TIM COSTELLO, chief executive of World Vision Australia, gives his view of Tuesday night’s Federal Budget…

In his Federal Budget speech on Tuesday night, The Treasurer, Joe Hockey claimed that “this budget is responsible, measured and fair”. But there doesn’t seem to be anything very fair for the world’s poorest and most vulnerable people in the Federal Government’s decision to go ahead with a $1 billion cut to the 2015 Australian aid budget.

More than 10,000 Australians have emailed Mr Hockey in the past few weeks asking for a fair allocation of funding for Australian aid – but instead the government announced the 2015 Budget would implement 40 per cent cuts in our aid to countries throughout Asia, including Indonesia (except Nepal and Cambodia) and a staggering 70 per cent cut to aid to Africa. While aid in the Pacific was protected, Australia’s immediate region will bear the lion’s share of the devastating cuts in Asia.

“If we want to live in a stable world then we need to invest not only in relieving the suffering of the world’s poor but also investing in the potential of coming generations around the world.”

It seems incredible that we should be willing to undermine the stability and security of our own region, hitting the area of closest and most immediate need and in doing so undermining our collective chances for a peaceful and prosperous future.

If we want to live in a stable world then we need to invest not only in relieving the suffering of the world’s poor but also investing in the potential of coming generations around the world. 

The decision by the government to effectively end aid to Africa, one of the neediest regions in the world, is equally devastating. The Abbott-Hockey Government has destroyed our aid program to Africa – now the only Australian funds going to Africa will be in the form of scholarships. 

So many countries in Africa still have such massive and immediate needs in basic health and primary education – I don’t understand how we can decide that it is OK to shrink our aid to a tertiary scholarship program?

Over the life of this government, Australian aid to sub-Saharan Africa will have dropped from close to $225m a year in 2013-14 to $31.8m next financial year.

It is a great relief that the most effective form of aid, that is aid delivered through NGOs has not been smashed like the rest of the budget.

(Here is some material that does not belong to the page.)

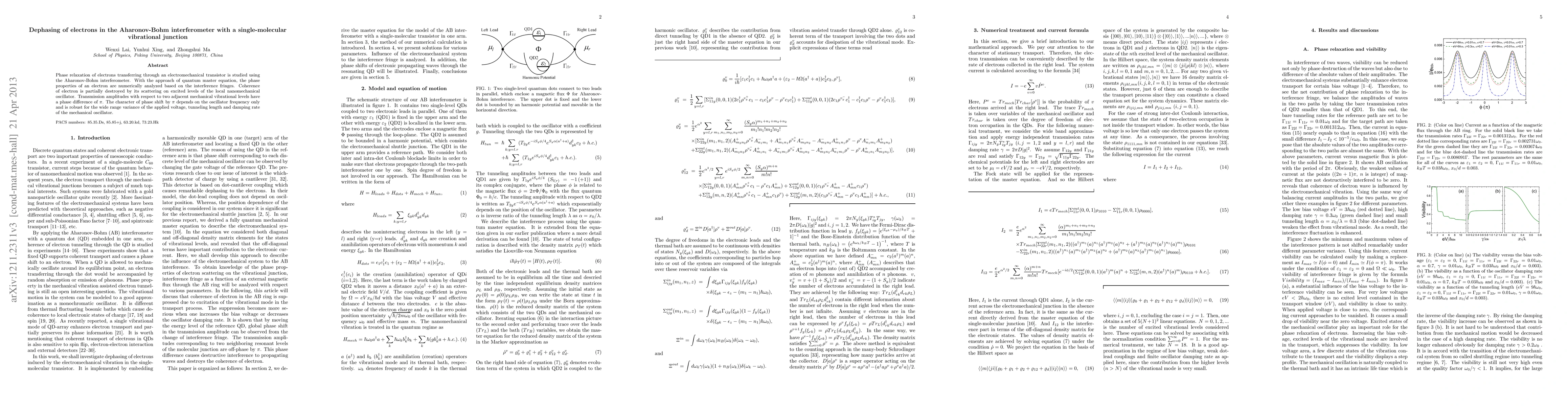 Researchers studied how electrons interact with a nanomechanical oscillator in an Aharonov-Bohm interferometer, finding that the electron's coherence is partially destroyed due to phase relaxation with a phase shift of pi, which depends only on the oscillator frequency.

We welcome the decision to limit the reduction in funding of the Australian NGO Cooperation Partnership to five per cent. Given the severity of the cuts to the overall budget, we appreciate this vote of confidence in NGOs’ ability to deliver aid efficiently and effectively. 

But even the five per cent cut has already forced World Vision to cut life-changing projects around the world from an education project for children in South Sudan to a HIV mitigation project in India. 

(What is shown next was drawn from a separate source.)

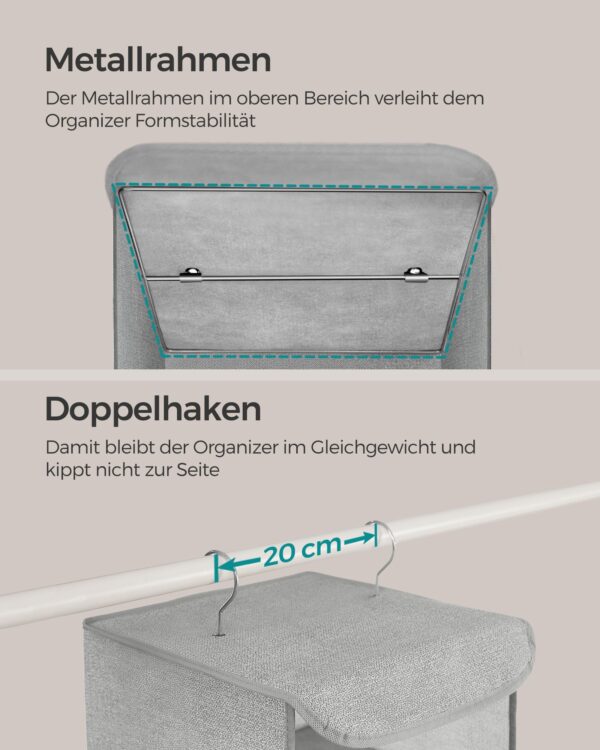 Rinkinys iš 2 pakabinamų medžiaginių lentynų 30x30x90cm., pilkos spalvos

It’s welcome to hear about a $50 million competitive Gender Equality Fund for the Indo-Pacific region, but it won’t make up for the devastating impact massive across-the-board cuts to aid in Asia will have on women and children. 

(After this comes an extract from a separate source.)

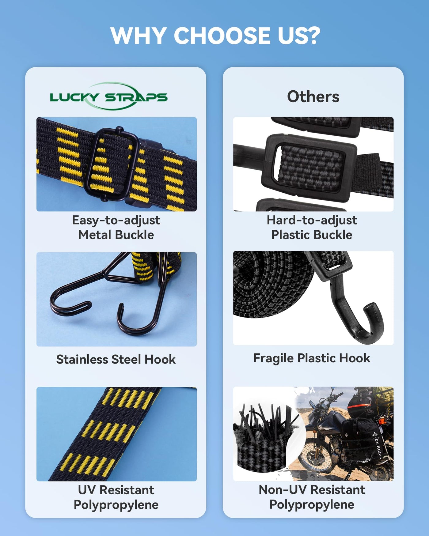 EXCELLENT UV PROTECTION The LuckyStraps flat bungee cords use high-strength and UV-resistant polypropylene yarn, which greatly extends its lifespan outdoors.

And with a second earthquake in Nepal just weeks after the 7.8 magnitude quake killed over 8000 people, it’s helpful that cuts to crucial humanitarian and emergency funding have been limited to three per cent. When the planet is experiencing increasing natural disasters like we have just witnessed in Vanuatu and Nepal, the ongoing crisis in Syria, and continuing humanitarian issues in Africa, the pressure on international humanitarian efforts has not abated.

Do you think the 2015 Federal Budget is fair? Let us know at isthebudgetfair.com

Tim Costello is the chief executive of World Vision Australia. This article was first published on the World Vision Australia website.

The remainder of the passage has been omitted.